Model support is configurable. The configuration lists Quaint 3 8 billion parameter model and Gemini 2.5 flush; using Gemini requires a Google Genai API key. The project also uses Pydantic for structured inputs/outputs and FastAPI to expose a streaming-capable REST API. That API can mirror CLI functionality, including listing personas and threads, showing message counts, and deleting threads.
Net result: a private assistant that runs locally, streams responses, and retains conversation history across sessions—without relying on a hosted memory service—by combining Ollama inference with SQLite-backed thread history and persona-driven prompt construction.
Cornell Notes
The assistant achieves persistent memory by storing each chat turn in SQLite and reloading that history when building the next prompt. Ollama runs the model locally, while LangChain assembles the context (system prompt + prior thread messages) and streams the model’s output back to the UI. A thread manager organizes conversations into named threads tied to a persona, supporting create/get, list, history retrieval, message insertion, and clearing. The CLI uses Rich for rendering, and the same functionality is exposed through a FastAPI streaming REST interface. This setup matters because it turns a stateless chatbot into a restart-proof assistant without external memory infrastructure.
How does the chatbot “remember” after the process restarts?
What role do threads and personas play in memory and prompting?
Where does streaming fit into the architecture?
How is SQLite used safely in an async environment here?

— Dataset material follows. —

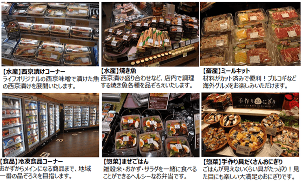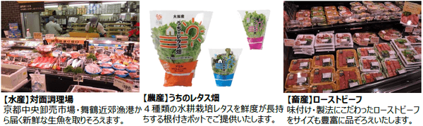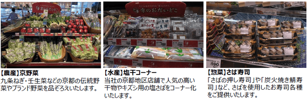 地元にお住まいの方にも、遠方からお越しの方にもお楽しみいただけるよう、京野菜や漬物、京都地区店舗で人気の商品など、地域ニーズに対応した京都自慢のおいしさを取りそろえます。また、鮮度抜群の生鮮食品や時短・簡便商品、ワンランク上のこだわり商品など、コンパクトな売り場ながら幅広い品ぞろえでお客様をお迎えいたします。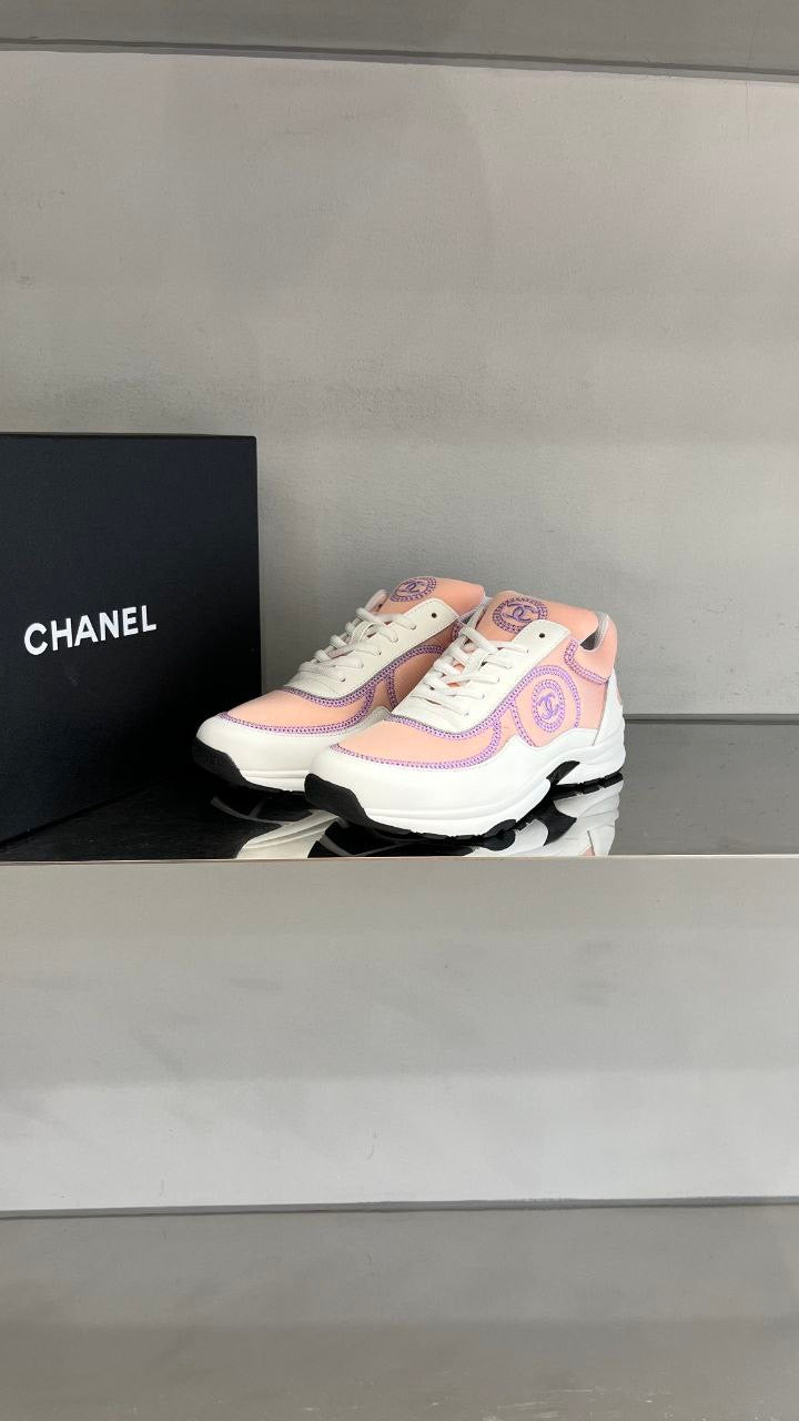 The coolest leather Chanel sneakers with suede black 'CC' logos. In great condition; moderate signs of wear on soles, mild signs of wear and marks on leather, one small scratch on back leather of right shoe.

What model and API configuration options are built in?
Review Questions
- How does the context builder decide which prior messages to include in the next Ollama request?
- What functions does the thread manager need to support to enable switching between multiple conversations?
- Why does the streaming processor treat reasoning content differently from normal chunk content?
Key Points
- 1
Persistent memory is implemented by saving each conversation turn to SQLite and reloading that history when rebuilding the next prompt.
- 2
The app is organized into UI (Rich CLI), domain logic (Neuromind), and service layer (Ollama inference plus SQLite storage).
- 3
Conversation continuity depends on thread-scoped message history, not a single global chat log.
- 4
Personas are loaded once from markdown system prompts and applied to threads during context construction.
- 5
Responses stream from Ollama to the terminal through a streaming processor, then are persisted after streaming ends.
- 6
The same capabilities are available via a FastAPI streaming REST API, including persona and thread management operations.
- 7
Model choice is configurable, with Gemini requiring a Google Genai API key and Quaint 3 8 billion parameter model configured in the model settings.